There are movie heroes and then there is Shavarsh Karapetyan, a real man who did something no screenwriter would dare invent. An absolute champion in a swimming discipline, he traded medals and records for the lives of strangers in a single day, and paid a very high price for it. The story took place in the then Soviet Republic of Armenia and, for decades, almost no one outside of it knew the extent of what he did.

What makes the case so impressive is not just the courage, it’s the final tally. To save about 20 strangers from a sunken bus, the world’s best athlete in his specialty ruined his own health irreversibly. It was the kind of choice that defines a human being, made in seconds, in dark and icy water, without anyone ordering and without anyone watching. This is the story of the rescue that cost an entire career.
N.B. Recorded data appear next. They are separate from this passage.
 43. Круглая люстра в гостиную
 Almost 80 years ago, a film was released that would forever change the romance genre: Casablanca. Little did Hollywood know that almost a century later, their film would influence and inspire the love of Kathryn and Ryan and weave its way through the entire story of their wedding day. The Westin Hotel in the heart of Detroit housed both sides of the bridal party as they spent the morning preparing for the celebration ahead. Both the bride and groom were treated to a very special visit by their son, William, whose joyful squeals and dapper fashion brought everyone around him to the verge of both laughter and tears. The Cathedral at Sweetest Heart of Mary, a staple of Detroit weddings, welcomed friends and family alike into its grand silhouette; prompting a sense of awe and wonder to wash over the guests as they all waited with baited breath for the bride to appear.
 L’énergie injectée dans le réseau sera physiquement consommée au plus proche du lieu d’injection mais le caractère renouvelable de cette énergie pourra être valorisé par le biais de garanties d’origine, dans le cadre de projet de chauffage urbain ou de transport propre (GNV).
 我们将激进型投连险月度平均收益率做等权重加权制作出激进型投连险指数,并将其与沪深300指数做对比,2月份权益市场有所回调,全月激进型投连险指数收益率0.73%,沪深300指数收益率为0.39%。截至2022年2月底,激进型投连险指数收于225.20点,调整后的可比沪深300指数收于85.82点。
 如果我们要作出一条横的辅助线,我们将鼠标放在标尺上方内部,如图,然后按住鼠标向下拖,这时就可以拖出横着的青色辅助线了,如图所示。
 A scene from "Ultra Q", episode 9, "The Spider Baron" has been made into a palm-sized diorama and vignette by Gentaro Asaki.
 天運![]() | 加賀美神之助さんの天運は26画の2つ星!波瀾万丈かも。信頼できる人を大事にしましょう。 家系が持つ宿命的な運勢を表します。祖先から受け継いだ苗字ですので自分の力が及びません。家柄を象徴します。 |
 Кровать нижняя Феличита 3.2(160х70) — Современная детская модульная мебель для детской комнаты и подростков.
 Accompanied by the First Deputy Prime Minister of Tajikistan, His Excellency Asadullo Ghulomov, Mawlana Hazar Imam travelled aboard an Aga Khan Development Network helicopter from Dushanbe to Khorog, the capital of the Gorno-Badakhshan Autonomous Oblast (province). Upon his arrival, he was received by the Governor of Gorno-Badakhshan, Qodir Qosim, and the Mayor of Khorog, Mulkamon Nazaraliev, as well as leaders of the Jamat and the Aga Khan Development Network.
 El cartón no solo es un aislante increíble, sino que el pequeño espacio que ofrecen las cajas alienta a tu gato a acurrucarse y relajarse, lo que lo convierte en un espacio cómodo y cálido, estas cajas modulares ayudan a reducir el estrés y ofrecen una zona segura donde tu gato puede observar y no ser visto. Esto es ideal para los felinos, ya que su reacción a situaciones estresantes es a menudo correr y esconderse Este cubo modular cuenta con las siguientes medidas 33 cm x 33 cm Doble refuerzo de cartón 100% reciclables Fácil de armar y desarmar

The day the bus fell into the lake

Swimming champion, Shavarsh Karapetyan made about 40 dives to rescue a sunken bus in a lake in Armenia, saved 20 and lost his career.
The date was September 16, 1976, in Yerevan, the capital of Armenia.

According to the detailed account on Wikipedia, an electric bus, the kind that runs connected to cables, lost control and plunged into the city lake, stopping about 25 meters from the shore and sinking to about 10 meters deep, with dozens of people trapped inside.

By one of those coincidences of fate, Shavarsh Karapetyan was nearby. He was finishing a running workout with his brother, Kamo, when he saw the scene. No one was more prepared for what lay ahead: the man passing by at that moment was one of the greatest living names in an underwater swimming discipline. Chance placed the right athlete in the right place, at the worst possible time for the passengers and the only time they still had a chance.

About 40 dives of 25 seconds each

What followed is almost impossible to imagine. Karapetyan dove into the lake and, using his legs, broke the rear window of the bus to get inside. From there, it was an exhausting back-and-forth: descending to 10 meters, finding a person in the dark, pulling them through the hole filled with shards of glass, and bringing them to the surface, where others helped, and diving again. According to the site All That’s Interesting, there were about 40 dives, each lasting about 25 seconds.

The conditions were brutal. The water was cold, muddy from silt, and contaminated with sewage, with virtually no visibility. Each descent meant cutting his own skin on the broken glass and holding his breath to the limit, repeatedly, for about 20 minutes. The report Twenty-Five Seconds Per Life, by Aurora Humanitarian, sums up well the terrible math of that day: each life saved cost about half a minute of immersion in hell, at a pace that only a swimming champion trained for apnea could sustain.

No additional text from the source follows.